START EXERCISE INPUT
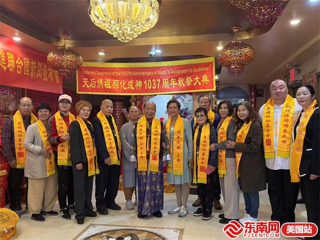 东南网10月13日讯(特约记者 白水 文/图)当地时间10月11日,美国妈祖基金会(以下简称“基金会”)在纽约举办纪念妈祖羽化升天1037周年秋祭大典。现场香火缭绕,鼓乐齐鸣,百余位华侨华人信众齐聚,共同为妈祖敬香,祈愿世界和平。
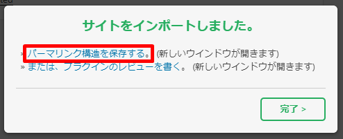 パーマリンク構造を保存しないと投稿ページが全て404エラーになるので、.wpressデータのインポート後は必ずパーマリンク構造の保存が必要です。
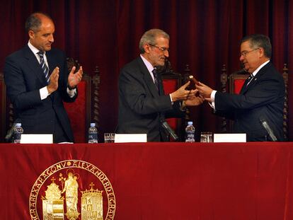 Morcillo toma el bastón de la Universitat de València de manos de Tomás.
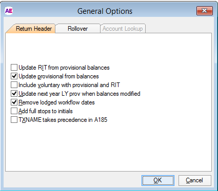 When ticked, the LY Prov field in the tax section of the return header will update with the value of all the provisional and voluntary payments (i.e., actuals) attached to P1, P2, P3 and V1, V2, V3 balance codes.
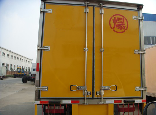 廂內(nèi)安裝固定運(yùn)載物的臥環(huán),防燃煙霧報(bào)警器,門上安裝防盜報(bào)警器,前置防撞防靜電膠皮。底部是防爆鋼板上墊防靜電膠皮,廂體頂部封閉不可開啟。
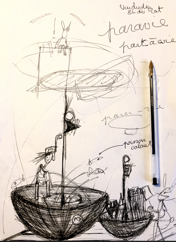 Les idées du matin-Dessins, gribouillages, mots tracés, crayonnés, collages. Il arrive quelque fois par magie de voir la naissance d’une sculpture ou d’une histoire à partager.
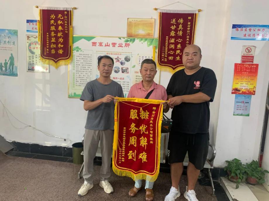 8月9日,陽光灼熱卻擋不住用戶感激之情,市民向市自來水有限公司送上“排憂解難 服務周到”錦旗,感謝公司及時發(fā)現(xiàn)市民戶內管線漏水,免費更換管線維修,保障市民家庭用水。
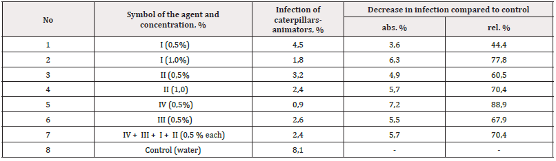 Presented on the (Table 2) data indicate that after the treatment of nosematosis grena with solutions of the sum of sesquiterpene lactones, the infection of hatched caterpillars with nosematosis decreased in all variants. Under a microscope, each caterpillar that emerged from the treated grena was individually examined. When treated with solutions of extracts, grenae infected with nosematosis led to a decrease in the infection of hatched caterpillars by 3.6-7.2% absolute, or by 44.4-88.9% relative, compared with the control. High protivonozematoses action showed funds with the code names IV at a concentration of 0.5%, I at a concentration of 1.0% and II at a concentration of 1.0%.
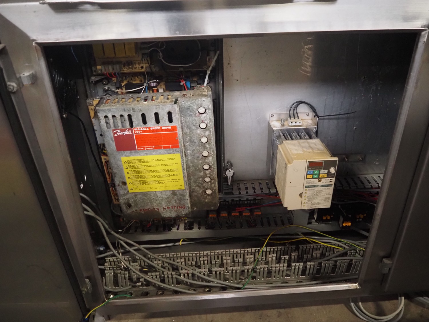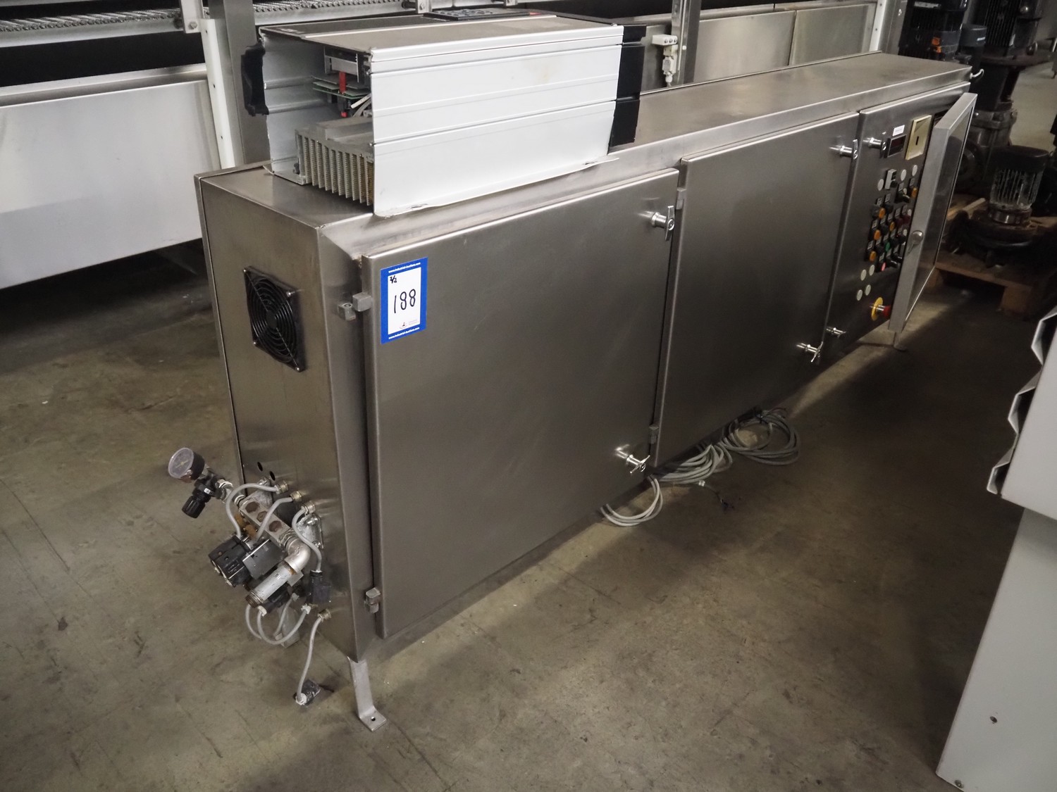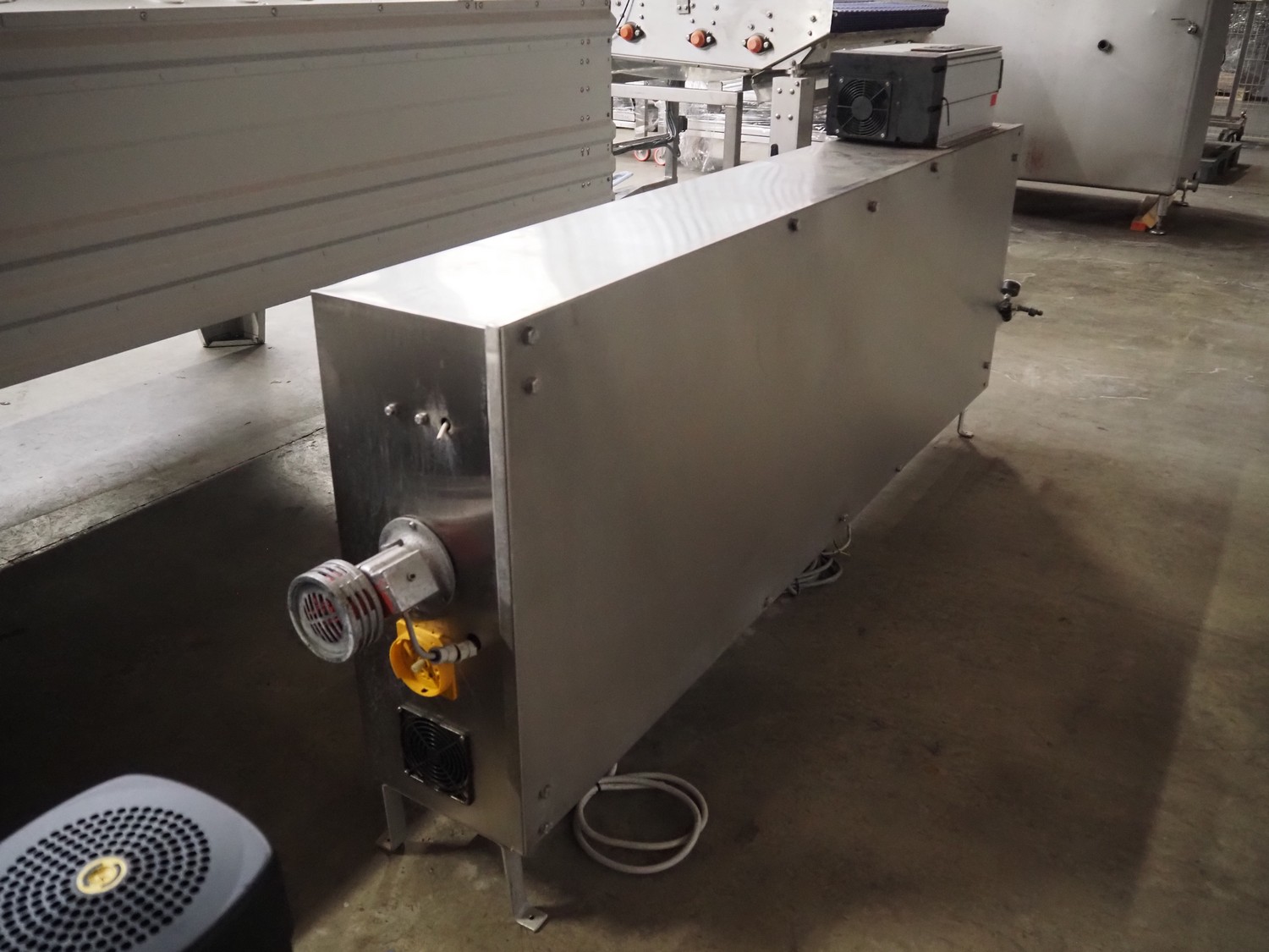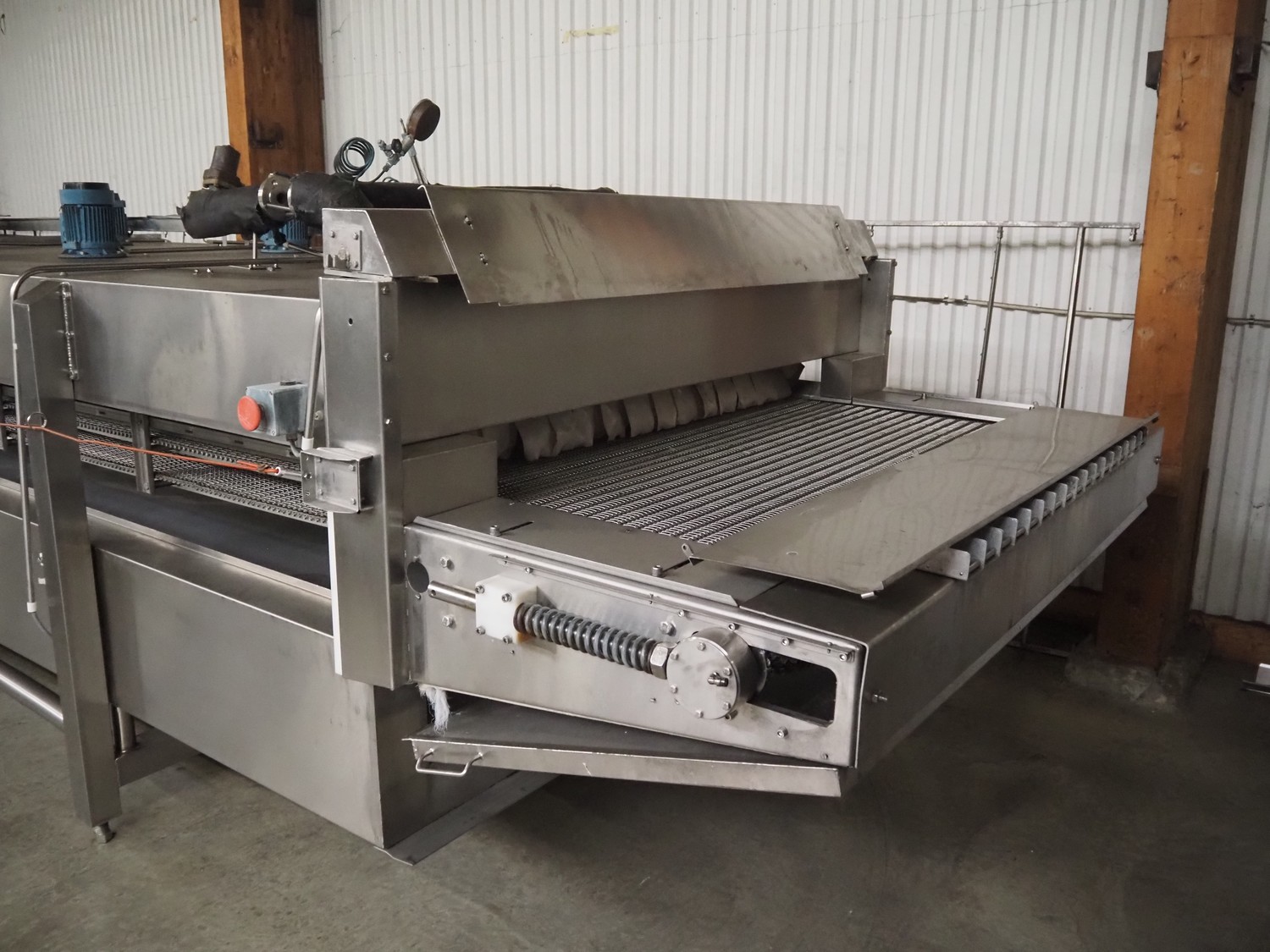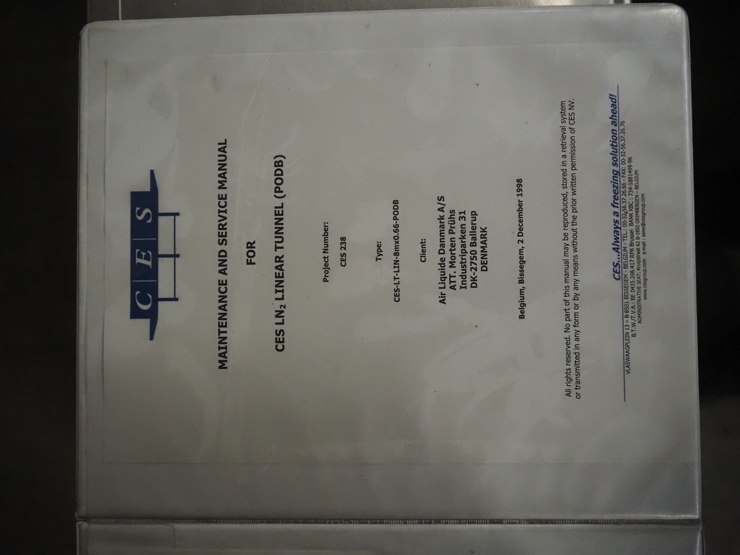 CES Group nitrogen freezing tunnel, type: CES-LT-LIN-8mx0.66-PODB, year of construction: 2-12-1998, 380 V, 3 Ph, s/s mesh belt, belt width: 1570 mm, clearance: 1500 mm x 140 mm, total dimensions: 13750 mm x 2300 mm x 1700 mm. Including s/s switch cabinet, dimensions switch cabinet: 2250 mm x 310 mm x 850 mm and Danfoss frequency convertor, dimensions frequency convertor: 250 mm x 200 mm x 500 mm.
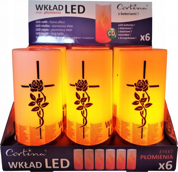 Prezentowany wkład do zniczy oferowany jest bez baterii w zestawie.
END EXERCISE INPUT
> **WHAT TO DO**:
Only an exact copy of the lines from the one with "CES Group nitrogen" through the last line of the data above is wanted, and no pictures.

> **EXERCISE OUTPUT**:
 CES Group nitrogen freezing tunnel, type: CES-LT-LIN-8mx0.66-PODB, year of construction: 2-12-1998, 380 V, 3 Ph, s/s mesh belt, belt width: 1570 mm, clearance: 1500 mm x 140 mm, total dimensions: 13750 mm x 2300 mm x 1700 mm. Including s/s switch cabinet, dimensions switch cabinet: 2250 mm x 310 mm x 850 mm and Danfoss frequency convertor, dimensions frequency convertor: 250 mm x 200 mm x 500 mm.
 Prezentowany wkład do zniczy oferowany jest bez baterii w zestawie.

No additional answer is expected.